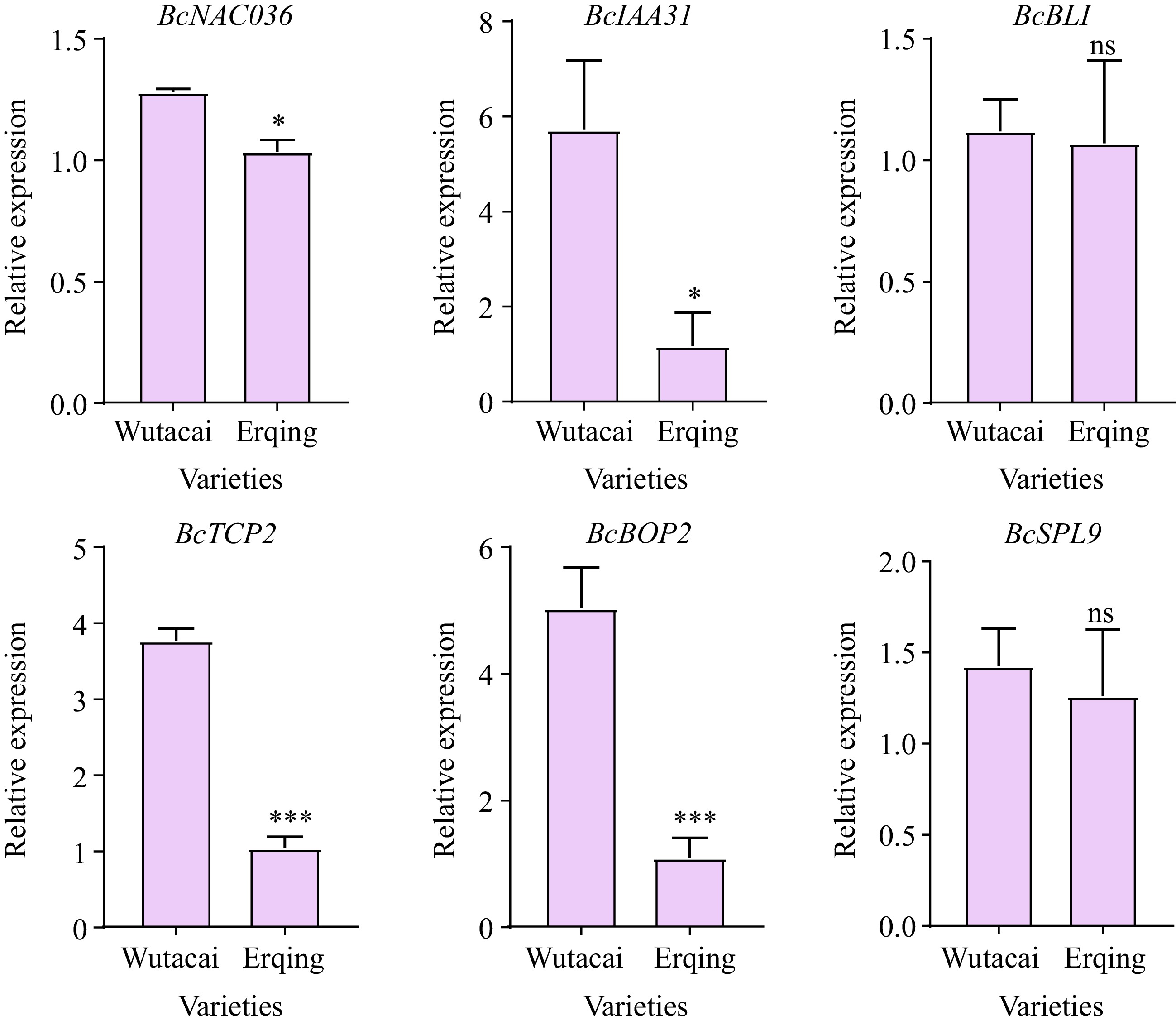 The qRT-PCR analysis was adopted to further identify the candidate genes. The expression levels of six candidate genes (BcNAC036, BcIAA31, BcBLI, BcTCP2, BcBOP2, and BcSPL9) were detected in petioles of parental lines, and others were not, suggesting the association between these genes and petiole development (Fig. 5). The expression levels of BcBLI and BcSPL9 showed no significant difference between Wutacai and Erqing, which indicated that the two genes were not related to petiole shape (Fig. 5). The expression levels of BcNAC036, BcIAA31, BcTCP2, and BcBOP2 in Wutacai were higher than that in Erqing (Fig. 5). Especially, the expression levels of BcIAA31 and BcBOP2 in Wutacai were approximately five folds of those in Erqing (Fig. 5). The results revealed that BcNAC036, BcIAA31, and BcTCP2 may be the major candidate genes in qPL.A03.1, qPW.A03.1, and qPT.A03.1, and BcIAA31 was the promise candidate genes. BcBOP2 was the promising candidate gene in qPL.A04.1, qPW.A04.1, and qPT.A04.1.
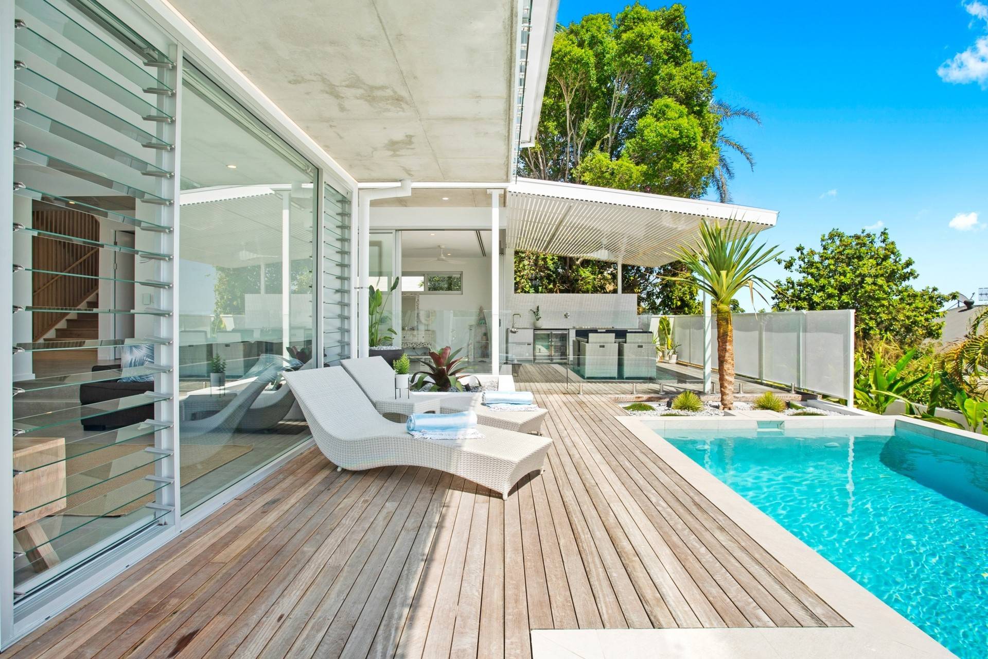 There is a large laundry room, drying deck and privately situated study to one shoulder as the home links to a slightly removed children's wing of two bedrooms and lounge facing the aquamarine waters of an inviting seven by three metre pool. Spotted gum decking wraps the pool and extends to frame a fantastic games room and sundeck where walls of glass doors peel away and a translucent roof filters light atop a built-in outdoor kitchen. Entertainment central is where poolside parties, latest release films and the grand final match of the day are on the menu.
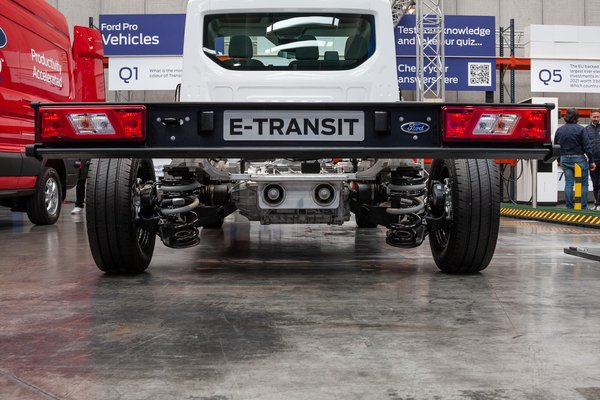 Érdekesség, hogy a belsőégésű változatot kétféle padlólemezzel gyártották: az elsőkerekes verzió alacsonyabb padlót kapott, a motorját pedig keresztben építették be, míg a hátóskerekesek és összkerekesek magasabb raktérpadlóval készültek, és ezekbe a motor is hosszában került be. Az E-Transit a hátsókerekes változat padlólemezét kapta, így azzal teljesen megegyeznek a belső méretei. Az eddigiekhez képest újdonság, hogy a hátsó futóművet lecserélték: hátul független felfüggesztést és tekercsrugókat kapott. Az új furgon hátsókerékhajtású, amit egy darab elektromotorral oldottak meg, ez a két hátsó kerék között helyezkedik el. Itt akadt még pár mérnöki túlóra: a motor a tengely vonalában van, amin átmegy a kihajtás, így nem kellett a raktérből elvenni extra helyet.
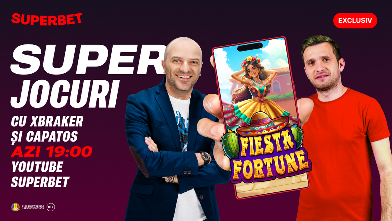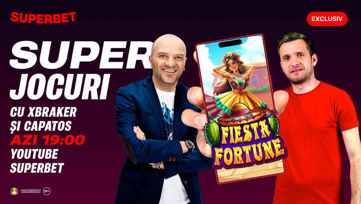 Începând cu ora 19:00, urmează SuperDistracție live, pe YouTube Superbet! Focusul episodului va fi lansarea celor de la Pragmatic Play, Fiesta Fortune, o adevărată petrecere din casinoul Superbet! Jocul este exclusiv, are un câștig maxim potențial de 5.000x miza, re-spins, rotiri gratuite și Bonus Buy. Hai în Live, cei doi responsabili cu distracția te așteaptă!
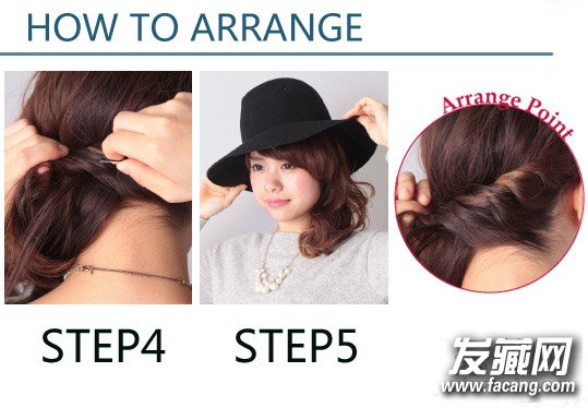 STEP 4:如扎发关键所示,右侧头发是通过不断添加发束扭转的方式编织的,之后用隐形夹固定。

=== WHAT YOU SHOULD DO ===
Repeat the entries verbatim; no pictures.

=== SOLVED EXERCISE ===
 The qRT-PCR analysis was adopted to further identify the candidate genes. The expression levels of six candidate genes (BcNAC036, BcIAA31, BcBLI, BcTCP2, BcBOP2, and BcSPL9) were detected in petioles of parental lines, and others were not, suggesting the association between these genes and petiole development (Fig. 5). The expression levels of BcBLI and BcSPL9 showed no significant difference between Wutacai and Erqing, which indicated that the two genes were not related to petiole shape (Fig. 5). The expression levels of BcNAC036, BcIAA31, BcTCP2, and BcBOP2 in Wutacai were higher than that in Erqing (Fig. 5). Especially, the expression levels of BcIAA31 and BcBOP2 in Wutacai were approximately five folds of those in Erqing (Fig. 5). The results revealed that BcNAC036, BcIAA31, and BcTCP2 may be the major candidate genes in qPL.A03.1, qPW.A03.1, and qPT.A03.1, and BcIAA31 was the promise candidate genes. BcBOP2 was the promising candidate gene in qPL.A04.1, qPW.A04.1, and qPT.A04.1.
 There is a large laundry room, drying deck and privately situated study to one shoulder as the home links to a slightly removed children's wing of two bedrooms and lounge facing the aquamarine waters of an inviting seven by three metre pool. Spotted gum decking wraps the pool and extends to frame a fantastic games room and sundeck where walls of glass doors peel away and a translucent roof filters light atop a built-in outdoor kitchen. Entertainment central is where poolside parties, latest release films and the grand final match of the day are on the menu.
 Érdekesség, hogy a belsőégésű változatot kétféle padlólemezzel gyártották: az elsőkerekes verzió alacsonyabb padlót kapott, a motorját pedig keresztben építették be, míg a hátóskerekesek és összkerekesek magasabb raktérpadlóval készültek, és ezekbe a motor is hosszában került be. Az E-Transit a hátsókerekes változat padlólemezét kapta, így azzal teljesen megegyeznek a belső méretei. Az eddigiekhez képest újdonság, hogy a hátsó futóművet lecserélték: hátul független felfüggesztést és tekercsrugókat kapott. Az új furgon hátsókerékhajtású, amit egy darab elektromotorral oldottak meg, ez a két hátsó kerék között helyezkedik el. Itt akadt még pár mérnöki túlóra: a motor a tengely vonalában van, amin átmegy a kihajtás, így nem kellett a raktérből elvenni extra helyet.
 Începând cu ora 19:00, urmează SuperDistracție live, pe YouTube Superbet! Focusul episodului va fi lansarea celor de la Pragmatic Play, Fiesta Fortune, o adevărată petrecere din casinoul Superbet! Jocul este exclusiv, are un câștig maxim potențial de 5.000x miza, re-spins, rotiri gratuite și Bonus Buy. Hai în Live, cei doi responsabili cu distracția te așteaptă!
 STEP 4:如扎发关键所示,右侧头发是通过不断添加发束扭转的方式编织的,之后用隐形夹固定。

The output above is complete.